Positive steps may include:

  1. Factor in inflation. If a church is in a high-growth area but the budget hasn’t increased since 2000, the parish is losing both buying power and market share. Yeah, that would be St. Paul’s, Alexandria, VA.
  2. Make a collective decision to live within the church’s means. If a church cannot pay cash-and-carry, its vestry has tough questions that must be answered.
  3. Develop a zero-based budget. Far too many church budgets reflect the fact committees develop them. Thus, there’s a lot of, “Well, we’ve always funded ______________.” Learn to ask questions and establish priorities.
  4. Bring in outside resources. Particularly in light of the high percentage of older persons in many churches, it can be hard to see things with a clear eye. Nor is it fair to put clergy on the line in cases of severe conflict.
  5. Ask if the church is a narcissistic construct. Suppose the church has a million-dollar annual budget but spends only $30,000 on serving your community. In that case, the church is a religious club that is indulging its organizational desires and preferences. It is not a church.

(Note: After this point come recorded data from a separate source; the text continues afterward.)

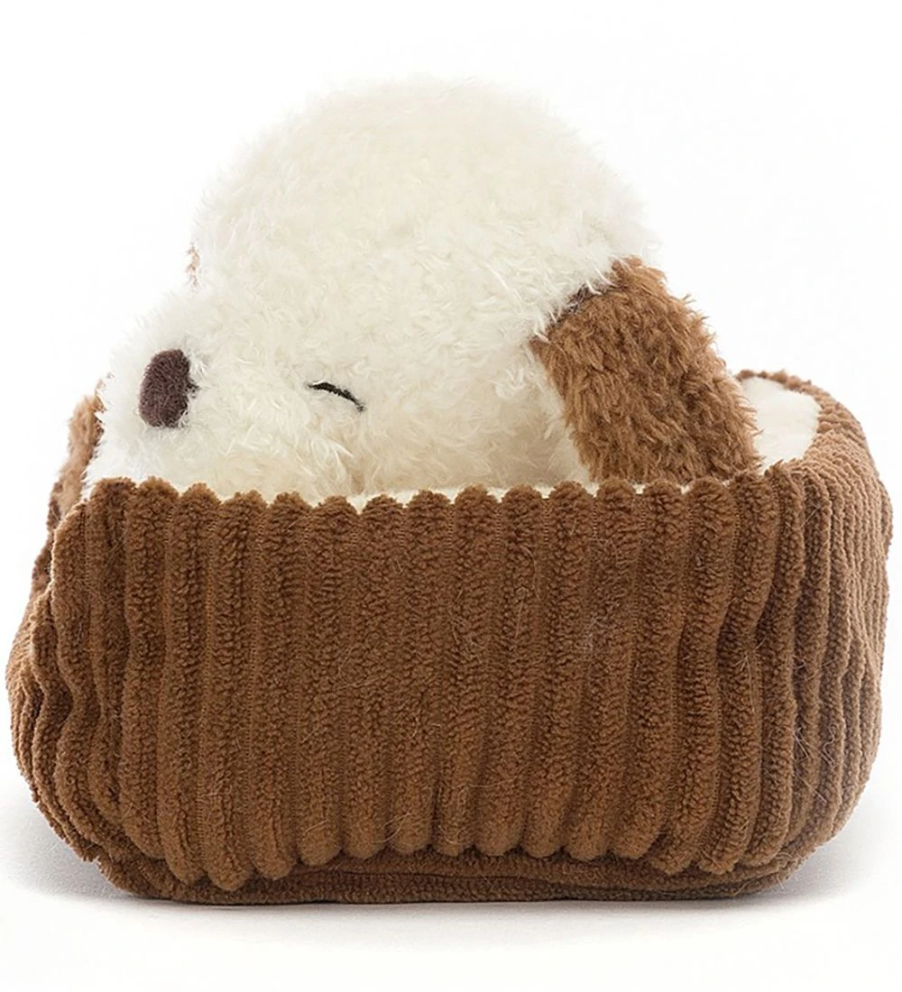 Skøn Jellycat bamse formet som en hundehvalp liggende i sin kurv.
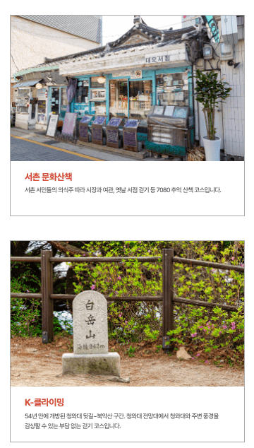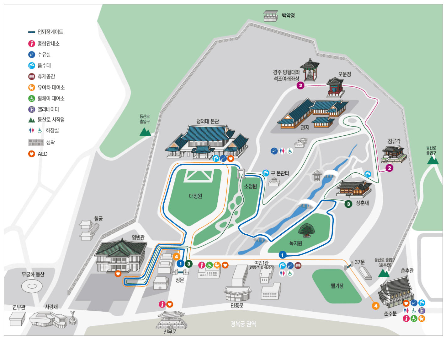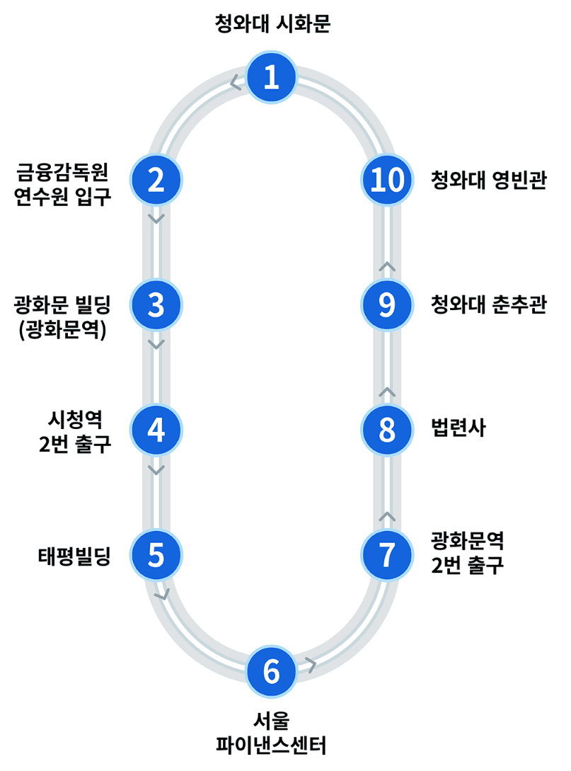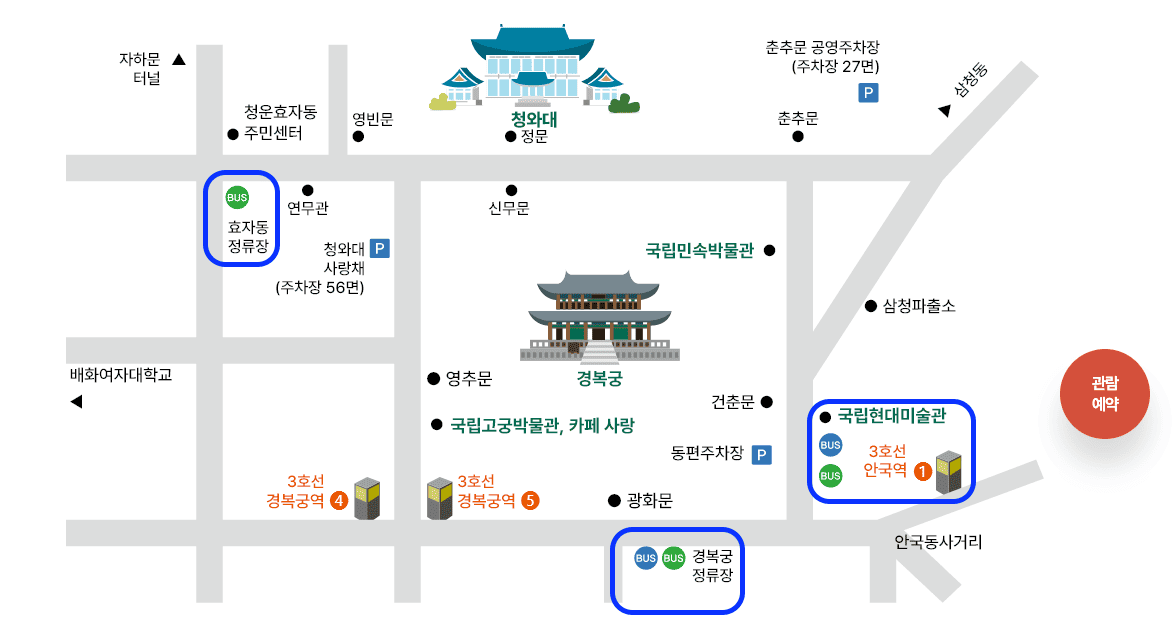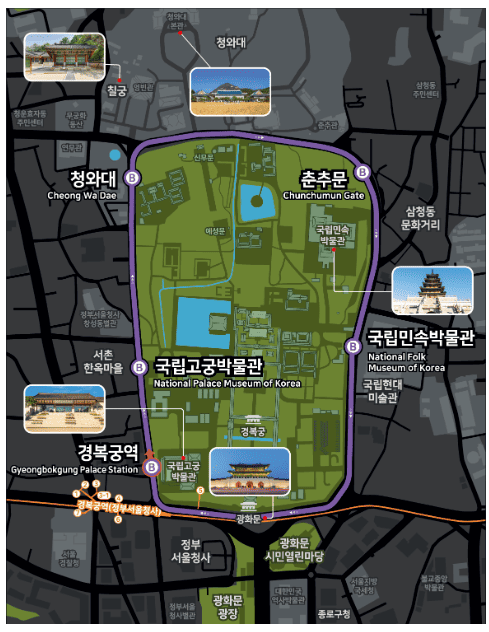 : 경복궁역(효자로입구) ▶ 국립고궁박물관 (영추문) ▶ 청와대 ▶ 춘추문 ▶ 경복궁·국립민속박물관
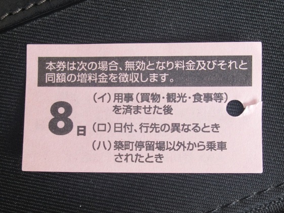 乗換駅は築町で、乗り換えする場合は運賃支払い後乗換券をいただき、乗り換え後の路線で下車時に料金の代わりに渡すようになります。
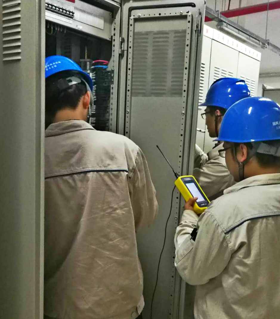 ? ? ? ? 智能變電站電壓由級聯(lián)電壓傳輸至各個間隔,需要定期進行異地相位檢修。某電力公司運維檢修部以往做二次負荷相位檢查時使用兩塊相位儀數(shù)顯表,需要將一塊表放置在PT間隔,通過試驗線連接至另一側線路間隔或者主變間隔(電壓為基準電壓),每次更換間隔檢查時都需要移動試驗線,操作不便同時也會影響結果的準確性。如果是GIS類型的智能變電站處于不同樓層,進行負荷相位檢查時,操作更加繁瑣。通過使用我公司的YD-300B 無線遙測六角圖伏安相位儀,將一臺設備放置在PT間隔采集電壓數(shù)據(jù),另一臺放置在檢查間隔,通過無線傳輸,可快速準確檢查相位的正確性、電流的朝向、差動極性等,并生成對應的測量報告。
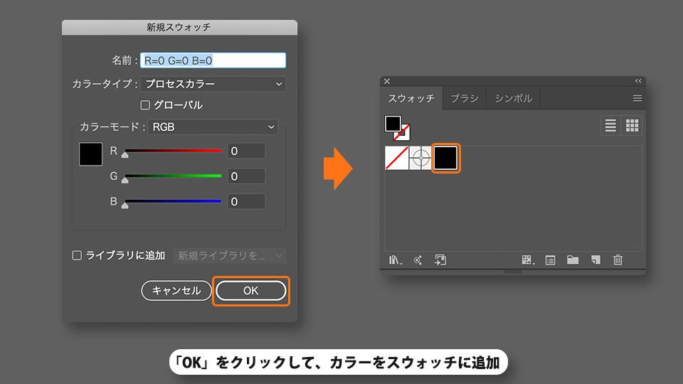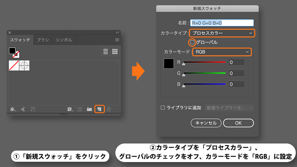 パネル下部の「新規スウォッチ」をクリックし、「新規スウォッチ」ダイアログボックスを開き、カラータイプを「プロセスカラー」に、 グローバルのチェックをオフ、 カラーモードを「RGB」に設定します。
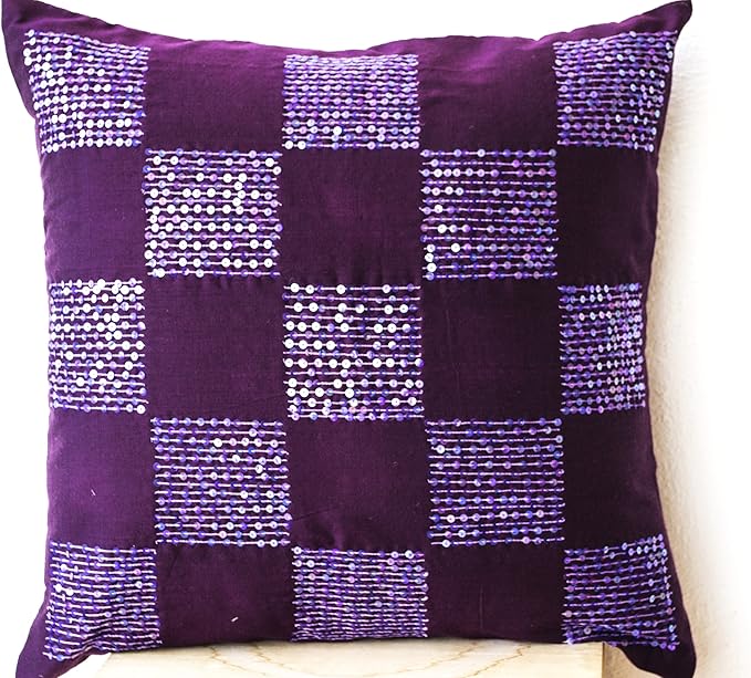 Purple Gold Throw Pillow Cover, Sequin Pillow, Gold Bead Pillow,Decorative pillow

  6. Fix past wrongs. If the church’s response is, “That happened long ago,” it’s got a severe ethical gap. Sin is sin and needs to be fixed, whether it happened a year ago or 100 years ago.
  7. Ask the tough questions. In situations like rector Dan McClain at St. Paul’s Dayton or the hot mess of Bill Allport in Englewood, NJ, parishioners cannot ignore toxic clergy.
  8. Most importantly, look at root causes. If folks see their churches as little slices of stained glass paradise, but the pews are empty and the money is drying up, there is a reason. Find out why. In other words, a church where revenue is declining is living in a fool’s paradise if the only question asked is, “How do we get people to increase their pledges?” And to be blunt, churches that ignore clergy misconduct, like St. Paul’s, Dayton, deserve to be shuttered. Same goes for churches that pay their operating expenses from their savings.

It’s time for churches of every ilk to get their acts together. If this does not happen, many will close within the next ten years.